─── Information supplied ───

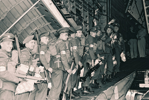 Irish Defence Forces personnel boarding a US Globemaster transport aircraft for the Congo in the early 1960s armed with the Lee Enfield No. 4 Mk 2, Bren and Swedish Carl Gustaf m45.
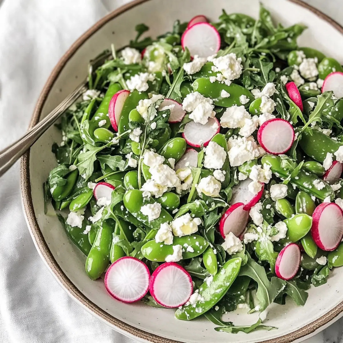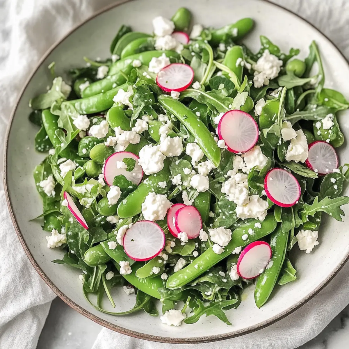 - Rinse and trim sugar snap peas and slice radishes thinly. In a large bowl, combine sugar snap peas, radishes, arugula, and feta cheese. Mix gently.
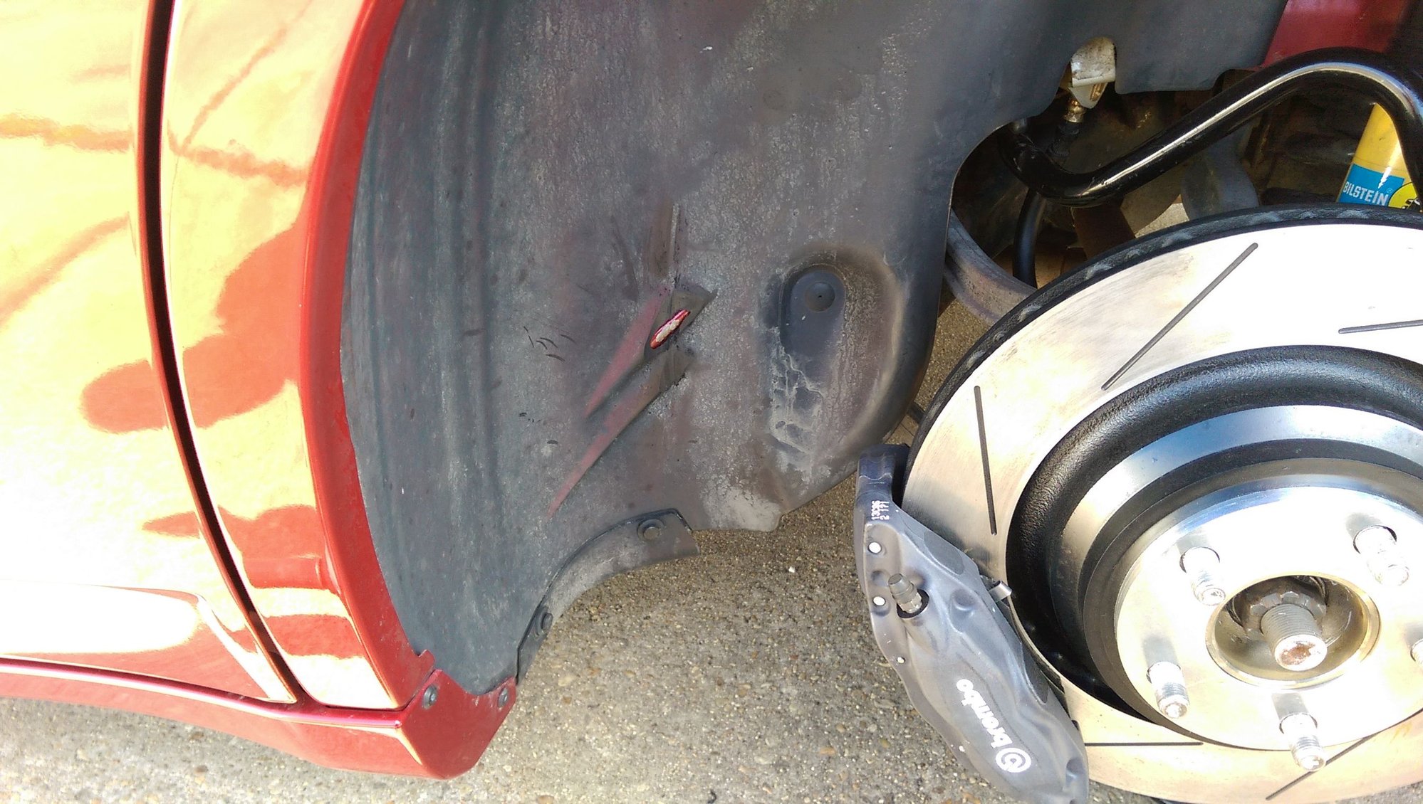 Mine doesnt hit on the inside. I jacked it up today and looked. Its the outside lip. It has cut into the outer edge of the tire. I guess the 305s are a bit big. Ill get 295s next time, but this is what I have now, so I have to deal with it. It only scrapes on my side, because Im in the drivers seat. With extra weight, like a passenger, it would probably be both sides. I rolled the fender lip a little, but I dont think it was enough. I might have to get taller rear springs. I forget who I got the coil overs from, but the rear springs were always really short. I put them as high as I felt comfortable, but the rear spring adjuster is maxed out, and the front springs have plenty to go. I could adjust this thing down probably another 2" if I wanted. Ill keep an eye on it, and maybe roll that fender lip again.
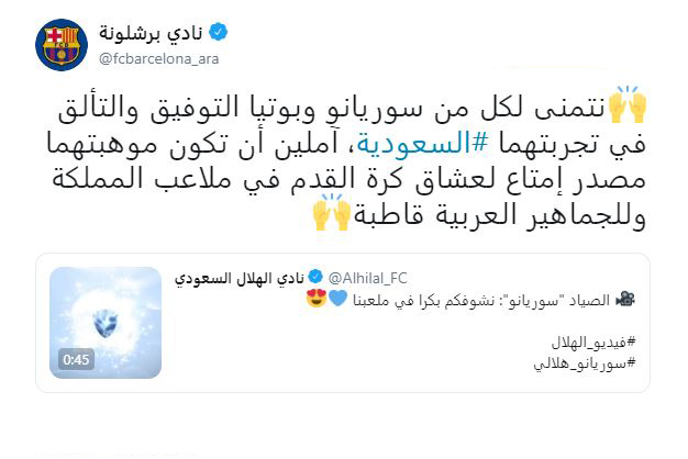 وغرد النادي الاسباني عبر حسابه على تويتر قائلاً: "نتمنى لكل من سوريانو وبوتيا التوفيق والتألق في تجربتهما السعودية، آملين أن تكون موهبتهما مصدر أنواع لعشاق كرة القدم في ملاعب المملكة والجماهير العربية قاطبة".
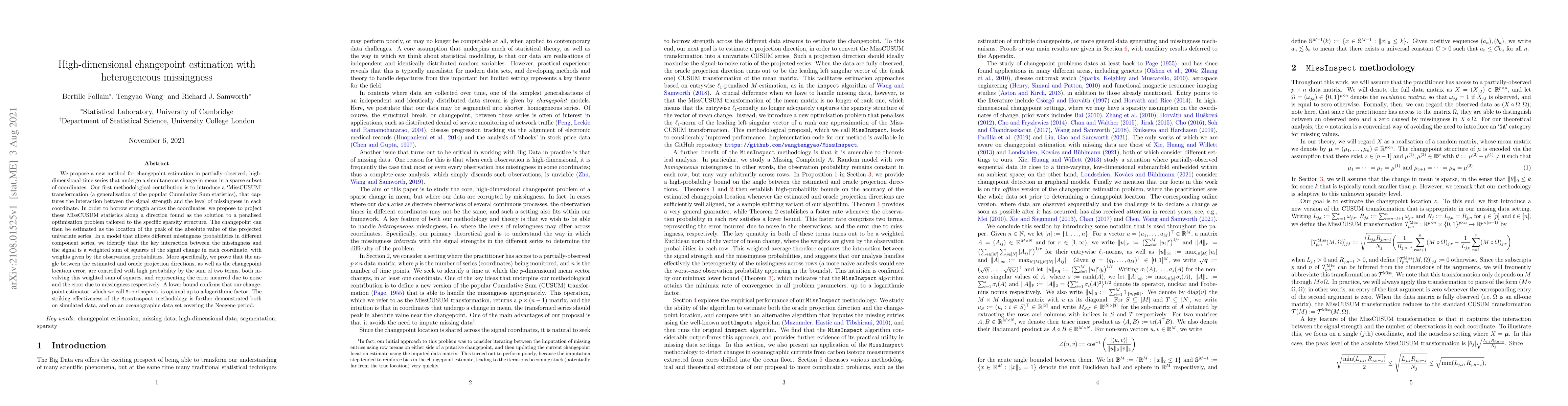 A new method called MissInspect is proposed for estimating changepoints in high-dimensional time series with missing data, achieving a trade-off between signal strength and noise, while borrowing strength across coordinates.
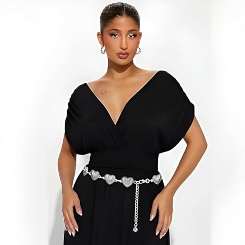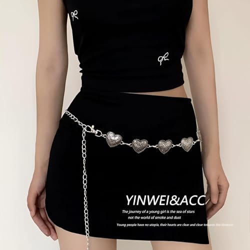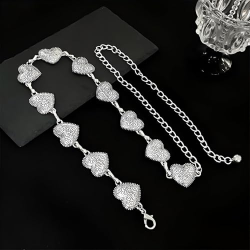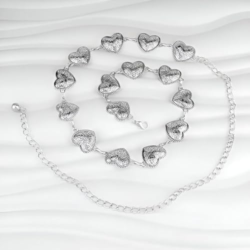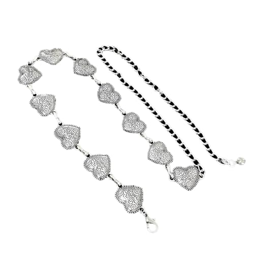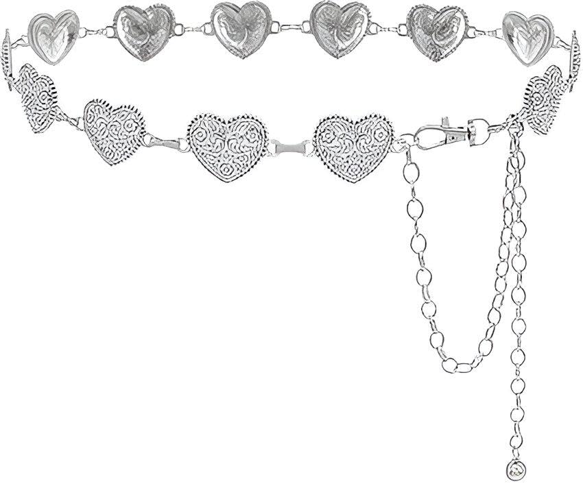 Generic - حزام فينتاج على شكل قلب - سلسلة معدنية مزخرفة بطول وامتداد قابلين للتعديل، لون فضي وذهبي انيق لمحبي الموضة
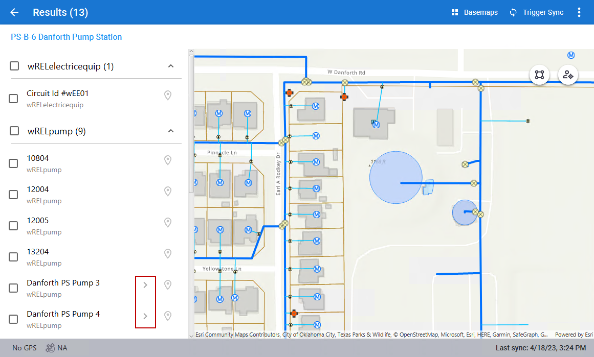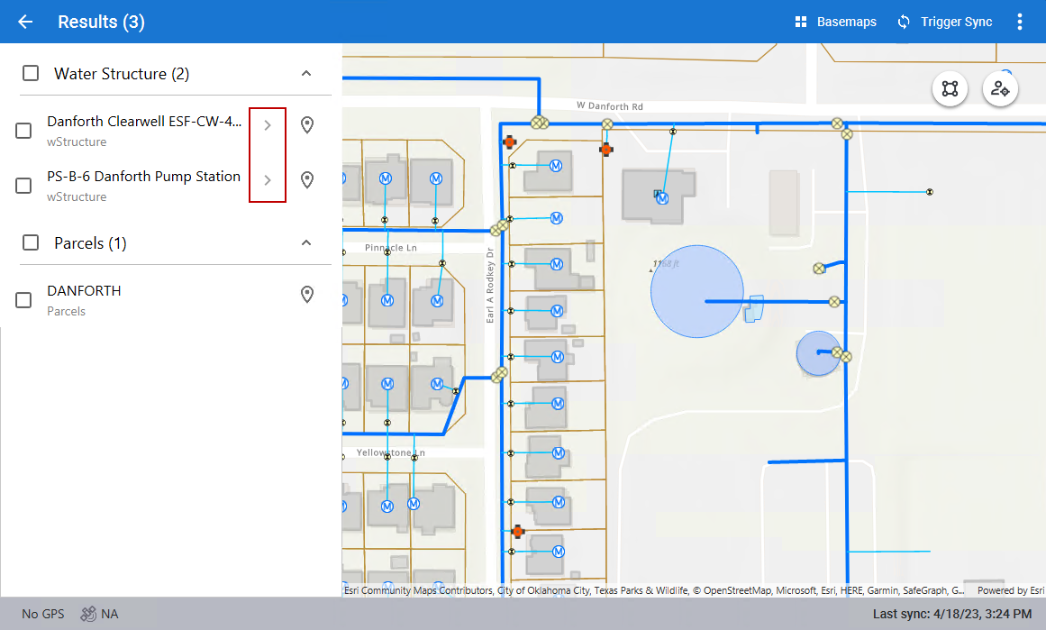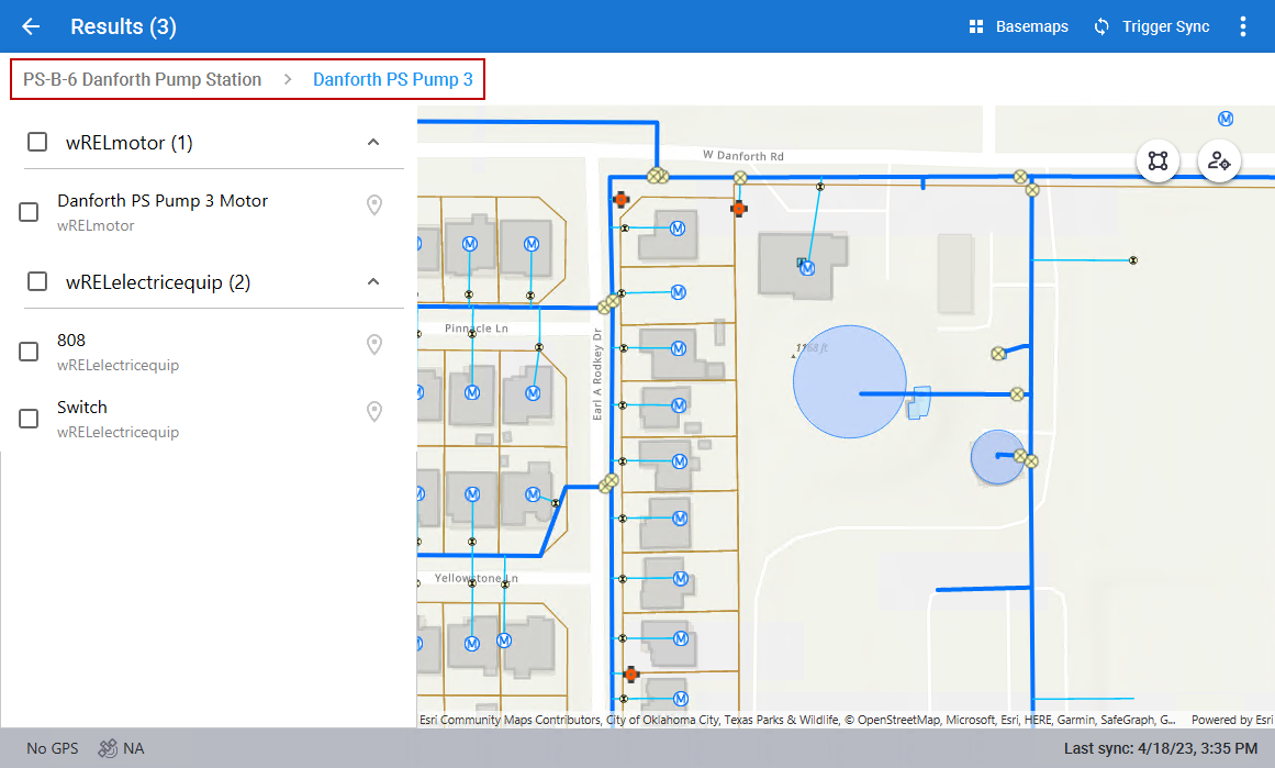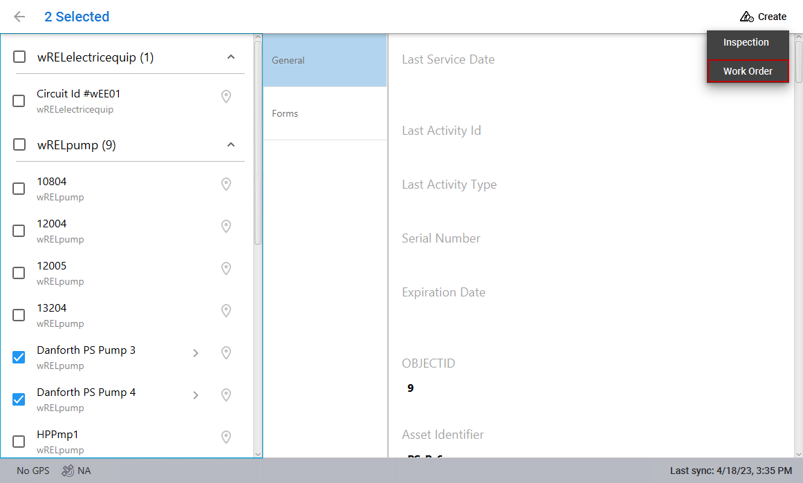 - In the Results list, select the desired related object or non-spatial asset. If multiple assets are selected, they will all be attached to one work order.
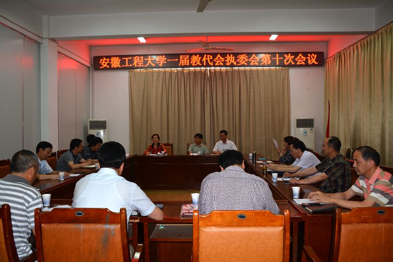 6月10日,学校在工会会议室召开一届教代会执委会第十次会议。会议听取讨论了关于《关于安徽工程大学机电学院转设情况的报告》、《关于校训修改、校旗设计情况的报告》等学校重点工作,讨论通过了关于调整一届“两代会”提案委员会组成的建议。校党委副书记、校教代会执委会主任苏国红,在校的14位教代会执委出席了会议。校领导汪奇燕、李震以及相关职能部门负责人列席会议。会议由苏国红主持。
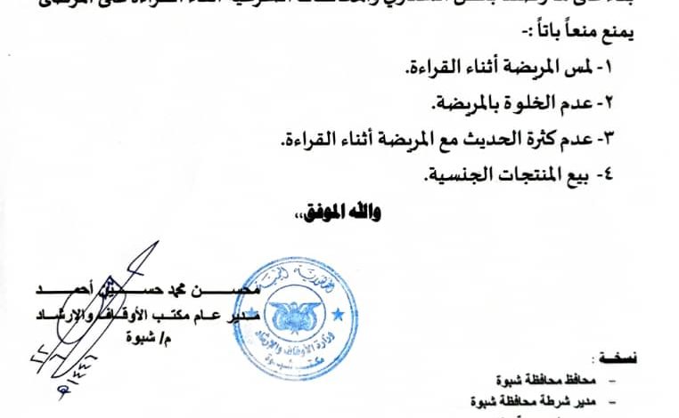مكتب أوقاف شبوة ينشر تعميماً خاصاً بمراكز العلاج بالقرآن الكريم

───

## Try it
The lines to retype run from the one containing "A new method" through the last line of the records above; write them exactly and skip the pictures.

## Solution
 A new method called MissInspect is proposed for estimating changepoints in high-dimensional time series with missing data, achieving a trade-off between signal strength and noise, while borrowing strength across coordinates.
 Generic - حزام فينتاج على شكل قلب - سلسلة معدنية مزخرفة بطول وامتداد قابلين للتعديل، لون فضي وذهبي انيق لمحبي الموضة
 - In the Results list, select the desired related object or non-spatial asset. If multiple assets are selected, they will all be attached to one work order.
 6月10日,学校在工会会议室召开一届教代会执委会第十次会议。会议听取讨论了关于《关于安徽工程大学机电学院转设情况的报告》、《关于校训修改、校旗设计情况的报告》等学校重点工作,讨论通过了关于调整一届“两代会”提案委员会组成的建议。校党委副书记、校教代会执委会主任苏国红,在校的14位教代会执委出席了会议。校领导汪奇燕、李震以及相关职能部门负责人列席会议。会议由苏国红主持。
مكتب أوقاف شبوة ينشر تعميماً خاصاً بمراكز العلاج بالقرآن الكريم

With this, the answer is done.